_Data extracts:_

# # #

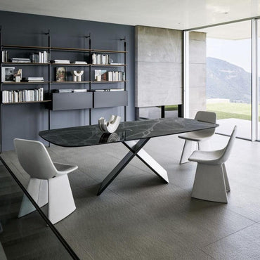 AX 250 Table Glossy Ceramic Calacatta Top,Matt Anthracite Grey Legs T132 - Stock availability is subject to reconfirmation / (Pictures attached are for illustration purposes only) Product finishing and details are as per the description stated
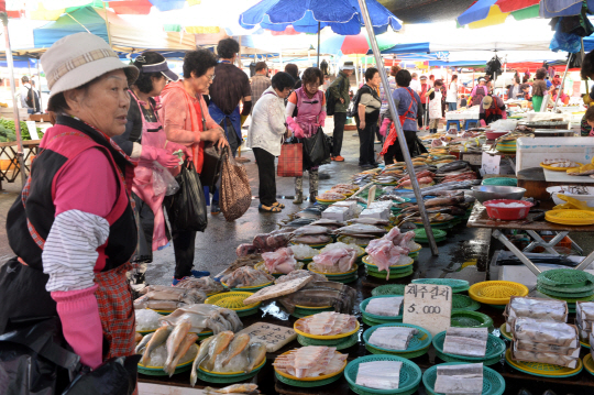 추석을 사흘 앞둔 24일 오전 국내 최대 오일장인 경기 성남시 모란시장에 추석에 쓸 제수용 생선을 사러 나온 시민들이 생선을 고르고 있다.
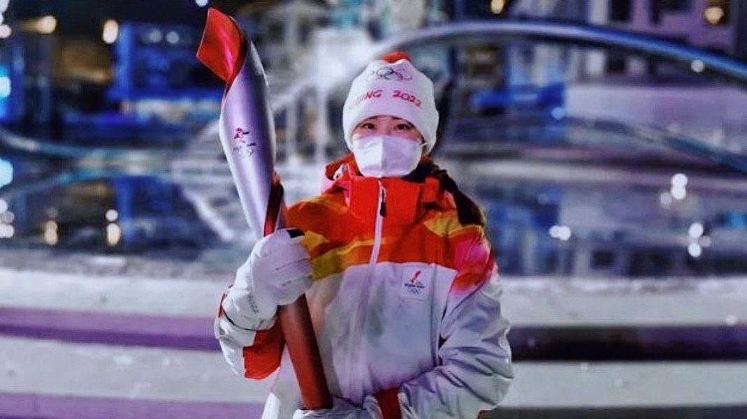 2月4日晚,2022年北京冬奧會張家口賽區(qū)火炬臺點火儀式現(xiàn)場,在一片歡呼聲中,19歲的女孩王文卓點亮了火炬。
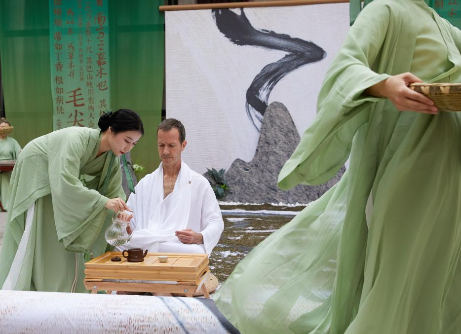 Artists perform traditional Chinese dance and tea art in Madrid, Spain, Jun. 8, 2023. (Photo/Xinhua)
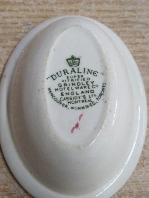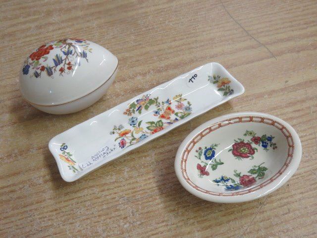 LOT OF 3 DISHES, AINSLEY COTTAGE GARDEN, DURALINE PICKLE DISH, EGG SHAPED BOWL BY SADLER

# # #

_Task brief:_ An exact copy of every line above is needed, without the images.

_Exercise answer:_
 AX 250 Table Glossy Ceramic Calacatta Top,Matt Anthracite Grey Legs T132 - Stock availability is subject to reconfirmation / (Pictures attached are for illustration purposes only) Product finishing and details are as per the description stated
 추석을 사흘 앞둔 24일 오전 국내 최대 오일장인 경기 성남시 모란시장에 추석에 쓸 제수용 생선을 사러 나온 시민들이 생선을 고르고 있다.
 2月4日晚,2022年北京冬奧會張家口賽區(qū)火炬臺點火儀式現(xiàn)場,在一片歡呼聲中,19歲的女孩王文卓點亮了火炬。
 Artists perform traditional Chinese dance and tea art in Madrid, Spain, Jun. 8, 2023. (Photo/Xinhua)
 LOT OF 3 DISHES, AINSLEY COTTAGE GARDEN, DURALINE PICKLE DISH, EGG SHAPED BOWL BY SADLER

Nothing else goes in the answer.